TASK PROMPT =>
Exactly the lines from the first line of the records to the line holding "Spanac - frunze" should be duplicated, and nothing more; pictures stay out.

INPUT DATA =>

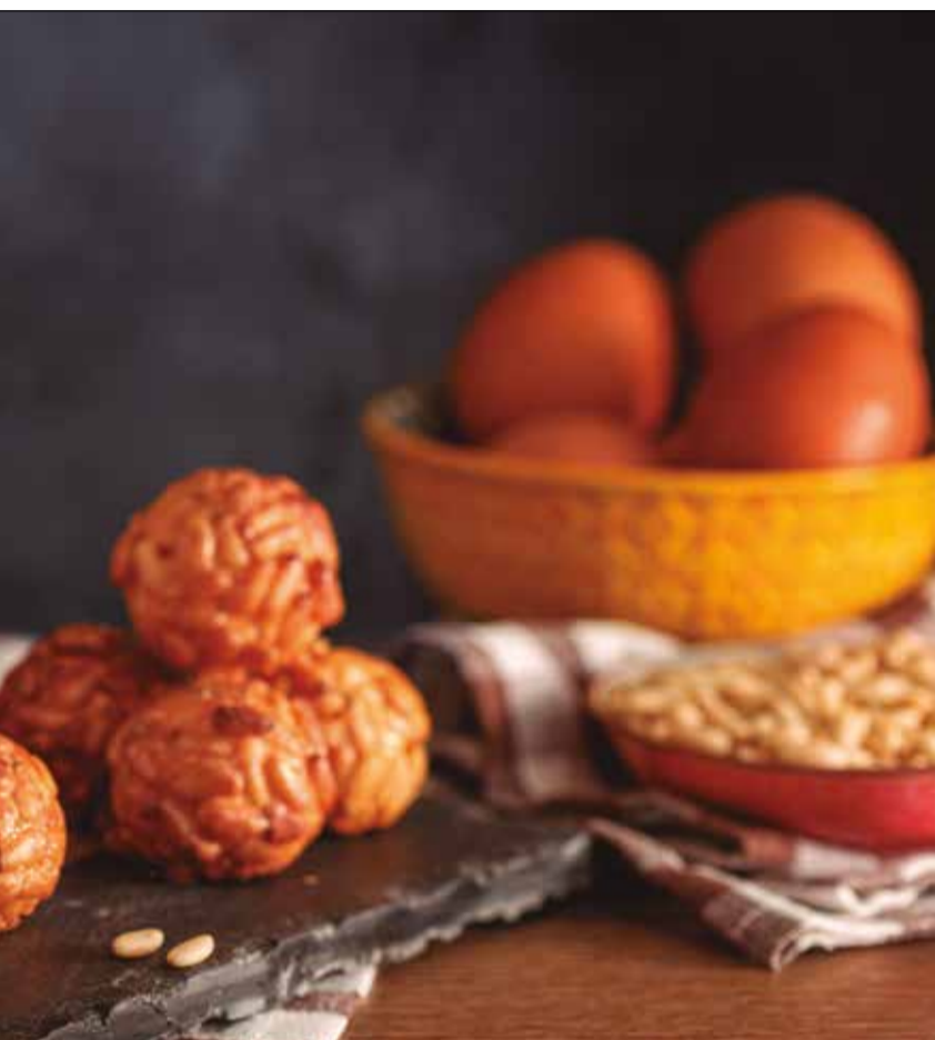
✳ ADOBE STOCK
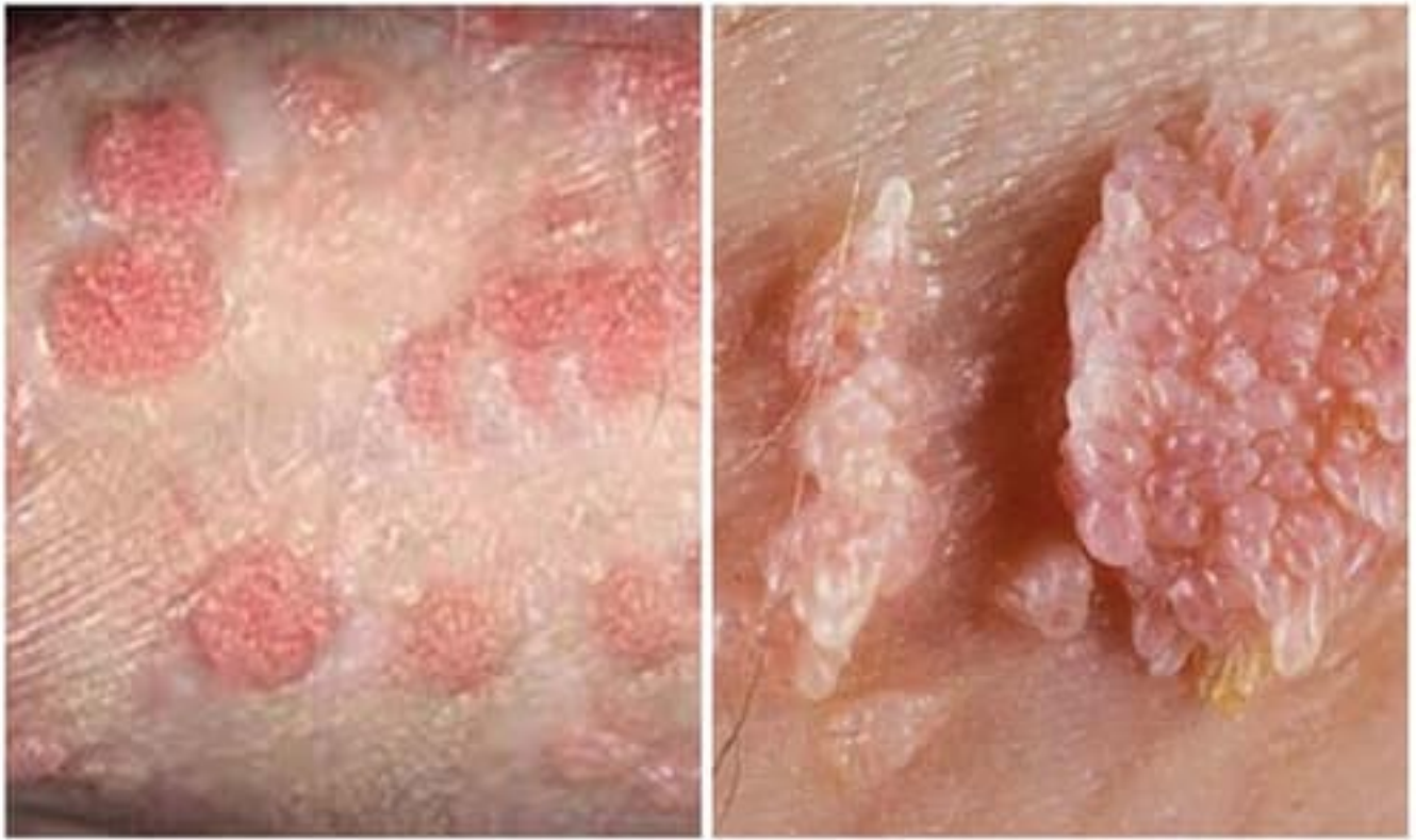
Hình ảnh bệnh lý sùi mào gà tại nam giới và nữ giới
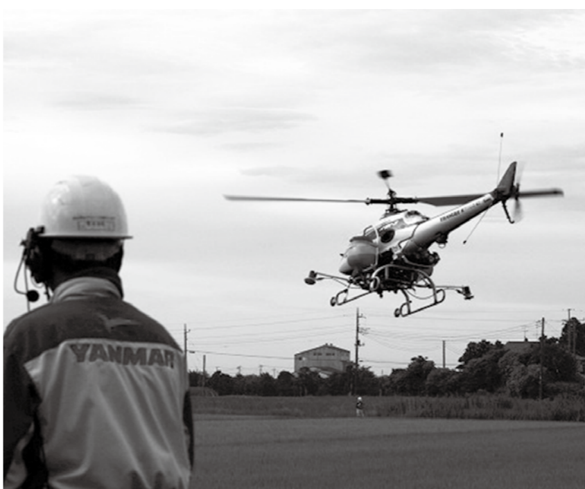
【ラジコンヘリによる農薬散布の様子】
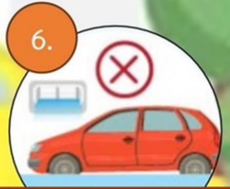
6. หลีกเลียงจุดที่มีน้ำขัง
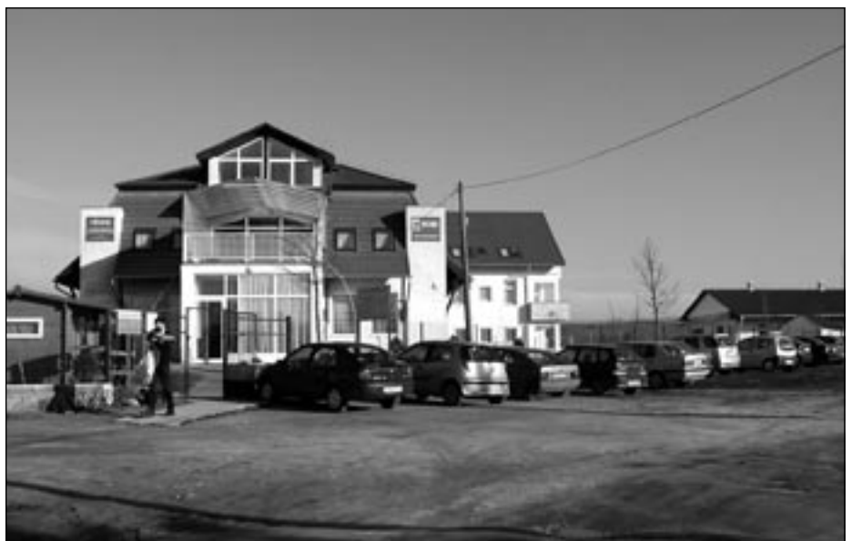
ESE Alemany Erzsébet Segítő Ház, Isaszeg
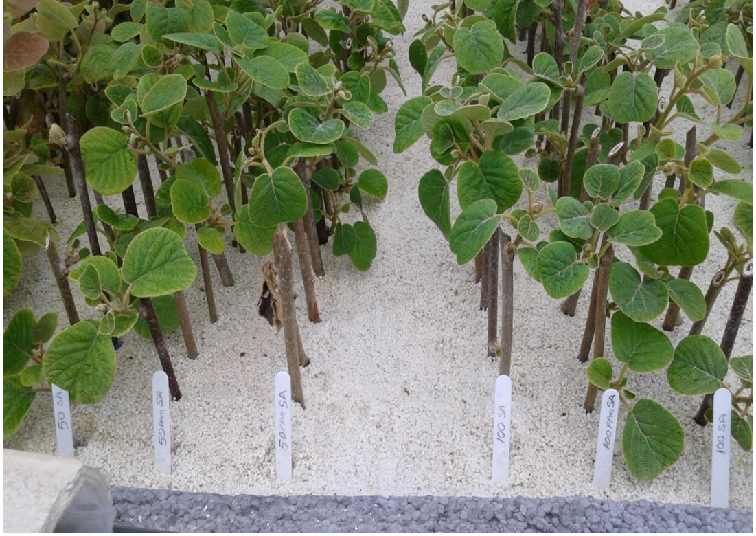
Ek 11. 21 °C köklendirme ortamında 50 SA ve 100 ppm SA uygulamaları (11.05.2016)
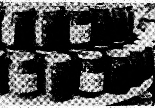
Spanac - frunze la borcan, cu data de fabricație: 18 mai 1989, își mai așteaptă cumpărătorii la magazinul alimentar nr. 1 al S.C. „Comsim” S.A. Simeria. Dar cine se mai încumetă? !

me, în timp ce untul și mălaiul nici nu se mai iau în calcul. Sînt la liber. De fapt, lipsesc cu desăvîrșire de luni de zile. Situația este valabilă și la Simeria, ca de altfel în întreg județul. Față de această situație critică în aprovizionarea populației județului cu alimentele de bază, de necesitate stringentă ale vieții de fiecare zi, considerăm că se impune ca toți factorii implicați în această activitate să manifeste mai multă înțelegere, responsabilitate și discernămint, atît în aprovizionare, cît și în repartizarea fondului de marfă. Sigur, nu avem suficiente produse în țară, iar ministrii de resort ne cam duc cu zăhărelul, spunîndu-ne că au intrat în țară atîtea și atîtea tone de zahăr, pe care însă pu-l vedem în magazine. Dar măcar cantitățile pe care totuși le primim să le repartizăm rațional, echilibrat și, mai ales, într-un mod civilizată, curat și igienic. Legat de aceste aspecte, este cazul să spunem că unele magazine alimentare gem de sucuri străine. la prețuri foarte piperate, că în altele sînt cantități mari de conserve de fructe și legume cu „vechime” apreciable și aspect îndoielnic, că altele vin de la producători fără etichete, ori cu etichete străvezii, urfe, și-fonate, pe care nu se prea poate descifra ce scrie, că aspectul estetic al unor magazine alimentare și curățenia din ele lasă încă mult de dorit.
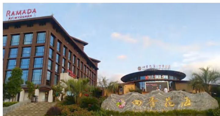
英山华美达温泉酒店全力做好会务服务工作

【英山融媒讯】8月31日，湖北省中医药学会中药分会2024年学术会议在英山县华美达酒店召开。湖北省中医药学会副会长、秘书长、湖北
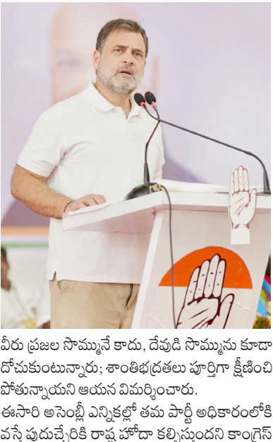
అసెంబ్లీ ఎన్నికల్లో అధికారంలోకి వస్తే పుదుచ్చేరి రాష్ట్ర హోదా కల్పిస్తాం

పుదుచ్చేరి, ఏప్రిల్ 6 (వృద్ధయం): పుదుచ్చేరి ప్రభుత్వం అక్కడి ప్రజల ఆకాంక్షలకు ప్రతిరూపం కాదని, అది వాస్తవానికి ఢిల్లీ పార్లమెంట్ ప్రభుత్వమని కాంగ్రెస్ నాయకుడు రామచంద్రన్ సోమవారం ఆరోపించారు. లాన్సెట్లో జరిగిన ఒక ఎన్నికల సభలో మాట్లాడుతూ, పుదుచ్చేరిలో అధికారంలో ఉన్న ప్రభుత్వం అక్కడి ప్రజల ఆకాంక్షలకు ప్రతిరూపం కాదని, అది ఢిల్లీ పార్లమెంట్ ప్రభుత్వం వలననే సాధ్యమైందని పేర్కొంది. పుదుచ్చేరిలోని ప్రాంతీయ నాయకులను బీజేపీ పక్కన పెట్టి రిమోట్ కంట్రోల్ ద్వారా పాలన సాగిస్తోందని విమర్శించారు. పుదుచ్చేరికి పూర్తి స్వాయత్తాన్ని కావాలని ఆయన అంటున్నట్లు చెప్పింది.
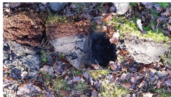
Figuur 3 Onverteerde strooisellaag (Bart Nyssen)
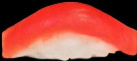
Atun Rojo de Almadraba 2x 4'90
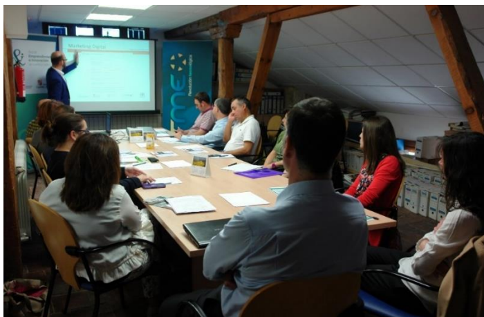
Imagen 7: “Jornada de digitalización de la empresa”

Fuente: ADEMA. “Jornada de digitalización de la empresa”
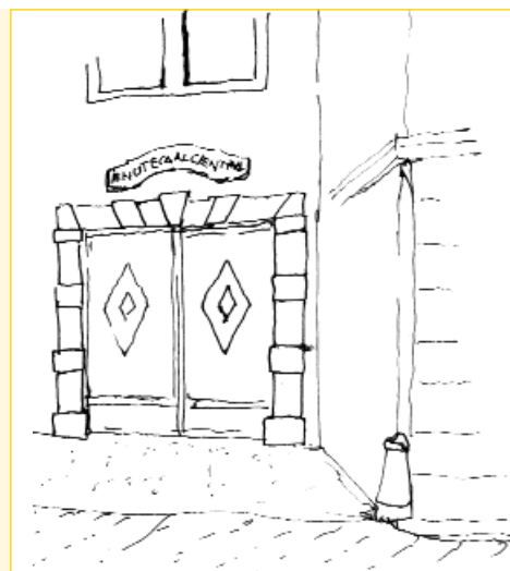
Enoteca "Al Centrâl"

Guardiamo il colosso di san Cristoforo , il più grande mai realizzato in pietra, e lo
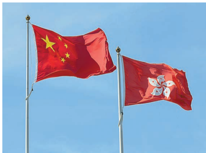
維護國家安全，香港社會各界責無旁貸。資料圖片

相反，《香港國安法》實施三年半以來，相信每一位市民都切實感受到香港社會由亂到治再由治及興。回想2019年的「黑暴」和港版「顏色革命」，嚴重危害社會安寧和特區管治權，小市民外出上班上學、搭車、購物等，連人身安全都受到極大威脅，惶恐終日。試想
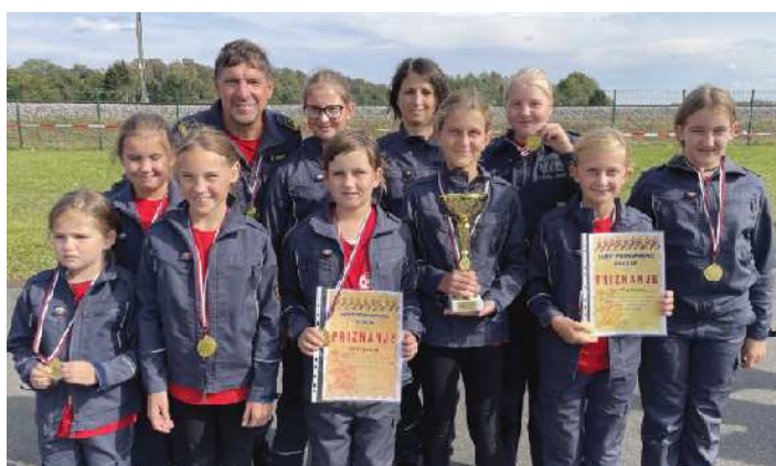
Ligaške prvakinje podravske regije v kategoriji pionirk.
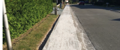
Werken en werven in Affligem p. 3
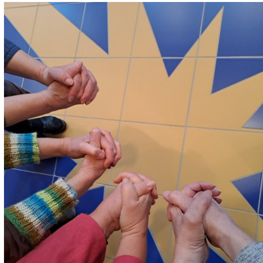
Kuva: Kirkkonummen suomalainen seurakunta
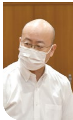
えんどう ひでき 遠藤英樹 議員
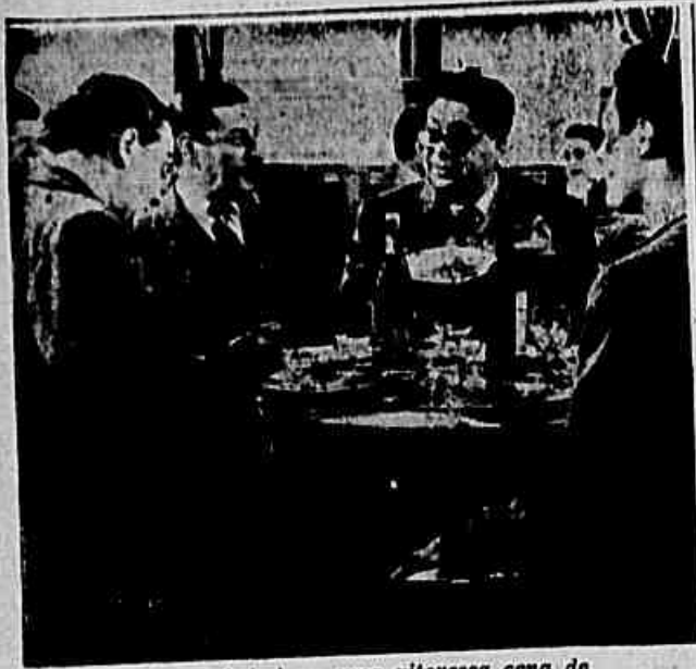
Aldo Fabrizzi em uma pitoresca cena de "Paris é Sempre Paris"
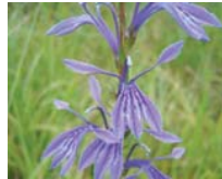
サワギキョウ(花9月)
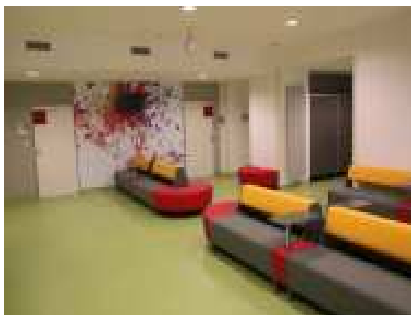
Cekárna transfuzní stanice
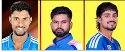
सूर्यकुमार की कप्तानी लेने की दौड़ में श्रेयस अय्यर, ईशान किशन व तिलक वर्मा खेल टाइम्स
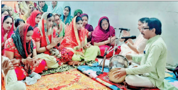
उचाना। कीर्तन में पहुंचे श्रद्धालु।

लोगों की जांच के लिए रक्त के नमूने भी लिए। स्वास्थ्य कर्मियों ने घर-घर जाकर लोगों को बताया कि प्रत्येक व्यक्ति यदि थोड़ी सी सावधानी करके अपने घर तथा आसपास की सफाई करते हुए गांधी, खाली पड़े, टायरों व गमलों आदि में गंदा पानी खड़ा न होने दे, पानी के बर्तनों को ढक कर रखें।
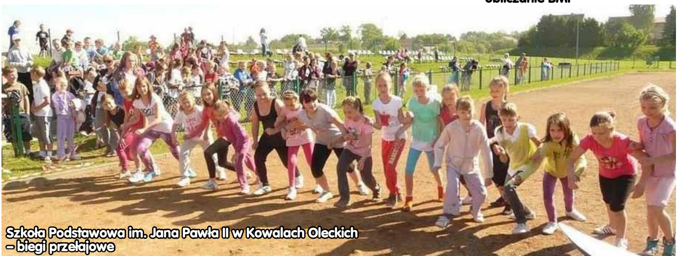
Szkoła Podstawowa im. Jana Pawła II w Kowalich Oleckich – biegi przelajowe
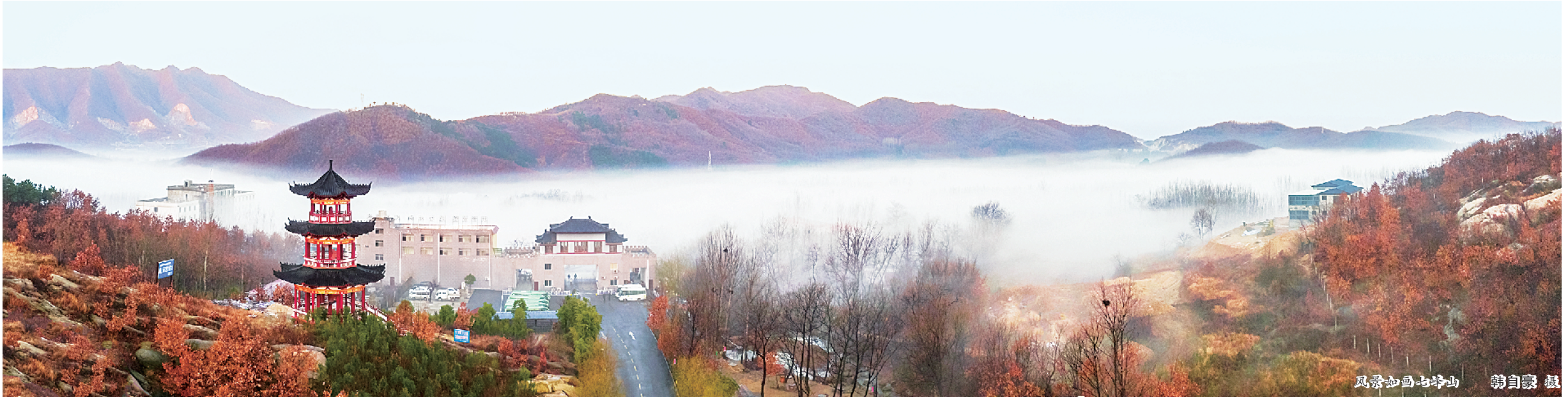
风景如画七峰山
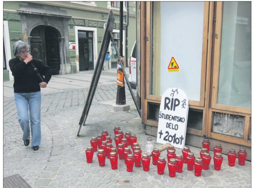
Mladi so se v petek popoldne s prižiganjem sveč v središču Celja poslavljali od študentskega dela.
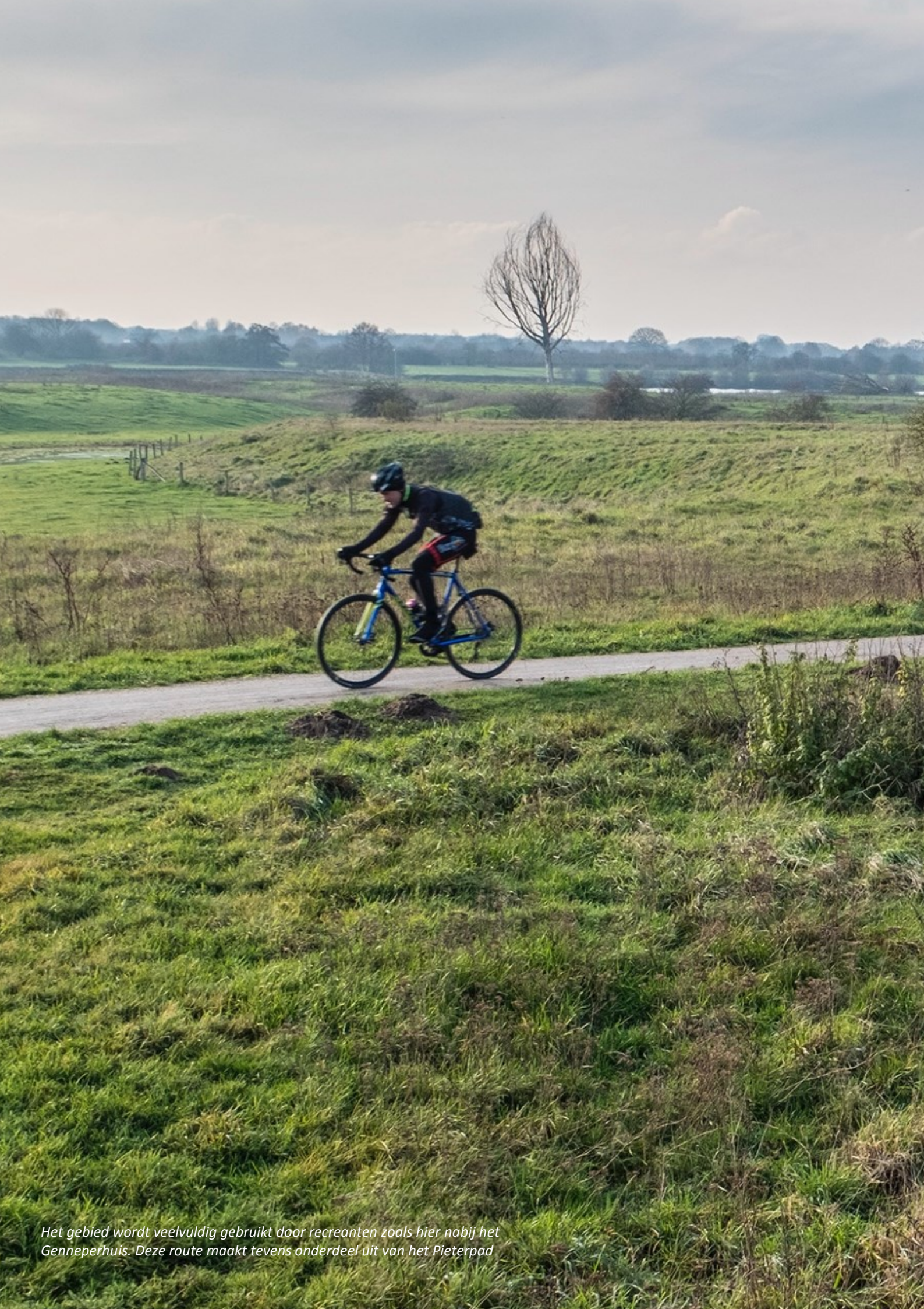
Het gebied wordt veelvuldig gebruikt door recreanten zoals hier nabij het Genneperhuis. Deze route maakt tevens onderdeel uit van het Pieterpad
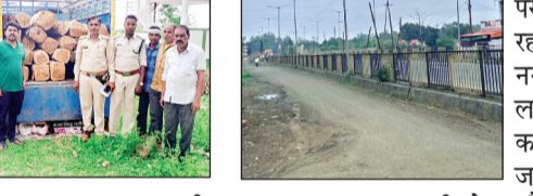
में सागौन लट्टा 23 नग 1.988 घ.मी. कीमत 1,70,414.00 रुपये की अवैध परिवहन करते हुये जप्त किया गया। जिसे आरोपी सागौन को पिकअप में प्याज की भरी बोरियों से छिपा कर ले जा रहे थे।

SOLUTION FOR THIS PROBLEM =>
✳ ADOBE STOCK
Hình ảnh bệnh lý sùi mào gà tại nam giới và nữ giới
【ラジコンヘリによる農薬散布の様子】
6. หลีกเลียงจุดที่มีน้ำขัง
ESE Alemany Erzsébet Segítő Ház, Isaszeg
Ek 11. 21 °C köklendirme ortamında 50 SA ve 100 ppm SA uygulamaları (11.05.2016)
Spanac - frunze la borcan, cu data de fabricație: 18 mai 1989, își mai așteaptă cumpărătorii la magazinul alimentar nr. 1 al S.C. „Comsim” S.A. Simeria. Dar cine se mai încumetă? !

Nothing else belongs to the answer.